== DATA

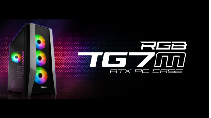 Wie auch seine Vorgänger verfügt das TG7M RGB über ein Seitenteil aus gehärtetem Glas auf der linken Seite, dessen Schrauben zugunsten einer aufgeräumten Präsentation der verbauten Komponenten von außen nicht sichtbar sind. Die Vorderseite wird durch zwei metallene Flügel in hellgrauem Kontrast umrahmt, welche das scharf geschnittene Design des Gehäuses abrunden sollen. Das Kabelmanagement des Gehäuses mit mehreren Kabeldurchlässen im Innern sorgt für eine ungehinderte Sicht auf die verbauten Komponenten. Mittels einer am Mainboard integrierten RGB-Steuerung mit einer Pinbelegung von 5V-D-G oder 5V-D-coded-G lässt sich die Beleuchtung nach Belieben individualisieren. Hinter dem Seitenteil aus gehärtetem Glas befindet sich zudem ein Netzteiltunnel mit Fenster zur ständigen Sicht auf das Netzteil.
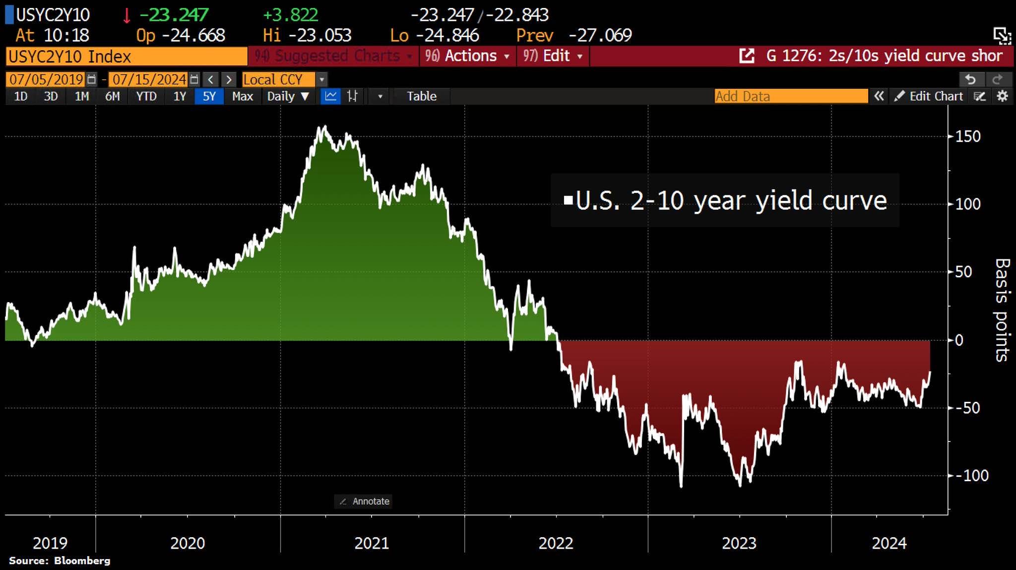 Another great gauge of global liquidity is the bond market, especially the US bond market. Bonds are driven by multiple factors ranging from risk sentiment to monetary policy expectations. The 2s10s curve has been inverted since July 2022, typically an inversion means there is economic weakness, a tight economy and a potential recession on the cards.
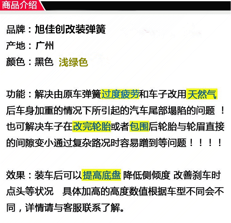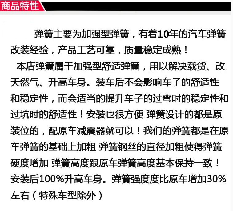 旭佳創(chuàng)彈簧主要是經(jīng)營加強型彈簧,以及一流的生產(chǎn)水平,和最真誠的服務(wù)。”镜陱椈蓪儆诩訌娦褪孢m彈簧,,裝車后不會影響車子的舒適性和穩(wěn)定性,而會適當(dāng)?shù)奶嵘囎拥倪^彎時的穩(wěn)定性和過坑時的舒適性!安裝也很方便 彈簧設(shè)計的都是原裝位的,配原車減震器就可以!可比原車多載重200公斤左右 。我們的彈簧都是在原車彈簧的基礎(chǔ)上加粗 彈簧鋼絲的直徑加粗使得彈簧硬度增加 彈簧高度跟原車彈簧高度基本保持一致!
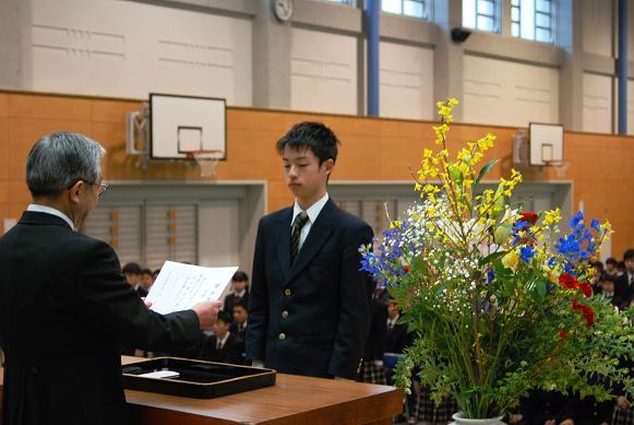 3月17日(土)、第48回の卒業式が、三重中学校伝統の厳粛な雰囲気の中で行われました。6年制ですから高校でも同じ仲間と学ぶことになるのですが、新たな出発の節目として欲しいとの思いを込めて行われます。卒業生代表の「決意のことば」がこの儀式のスピリットそのものとなっていますが、今年も高校部での活躍を予期させる素晴らしいものでした。

====

* **THE TASK**:
Could you copy the data above exactly, leaving the pictures out?

* **EXERCISE SOLUTION**:
 Wie auch seine Vorgänger verfügt das TG7M RGB über ein Seitenteil aus gehärtetem Glas auf der linken Seite, dessen Schrauben zugunsten einer aufgeräumten Präsentation der verbauten Komponenten von außen nicht sichtbar sind. Die Vorderseite wird durch zwei metallene Flügel in hellgrauem Kontrast umrahmt, welche das scharf geschnittene Design des Gehäuses abrunden sollen. Das Kabelmanagement des Gehäuses mit mehreren Kabeldurchlässen im Innern sorgt für eine ungehinderte Sicht auf die verbauten Komponenten. Mittels einer am Mainboard integrierten RGB-Steuerung mit einer Pinbelegung von 5V-D-G oder 5V-D-coded-G lässt sich die Beleuchtung nach Belieben individualisieren. Hinter dem Seitenteil aus gehärtetem Glas befindet sich zudem ein Netzteiltunnel mit Fenster zur ständigen Sicht auf das Netzteil.
 Another great gauge of global liquidity is the bond market, especially the US bond market. Bonds are driven by multiple factors ranging from risk sentiment to monetary policy expectations. The 2s10s curve has been inverted since July 2022, typically an inversion means there is economic weakness, a tight economy and a potential recession on the cards.
 旭佳創(chuàng)彈簧主要是經(jīng)營加強型彈簧,以及一流的生產(chǎn)水平,和最真誠的服務(wù)。”镜陱椈蓪儆诩訌娦褪孢m彈簧,,裝車后不會影響車子的舒適性和穩(wěn)定性,而會適當(dāng)?shù)奶嵘囎拥倪^彎時的穩(wěn)定性和過坑時的舒適性!安裝也很方便 彈簧設(shè)計的都是原裝位的,配原車減震器就可以!可比原車多載重200公斤左右 。我們的彈簧都是在原車彈簧的基礎(chǔ)上加粗 彈簧鋼絲的直徑加粗使得彈簧硬度增加 彈簧高度跟原車彈簧高度基本保持一致!
 3月17日(土)、第48回の卒業式が、三重中学校伝統の厳粛な雰囲気の中で行われました。6年制ですから高校でも同じ仲間と学ぶことになるのですが、新たな出発の節目として欲しいとの思いを込めて行われます。卒業生代表の「決意のことば」がこの儀式のスピリットそのものとなっていますが、今年も高校部での活躍を予期させる素晴らしいものでした。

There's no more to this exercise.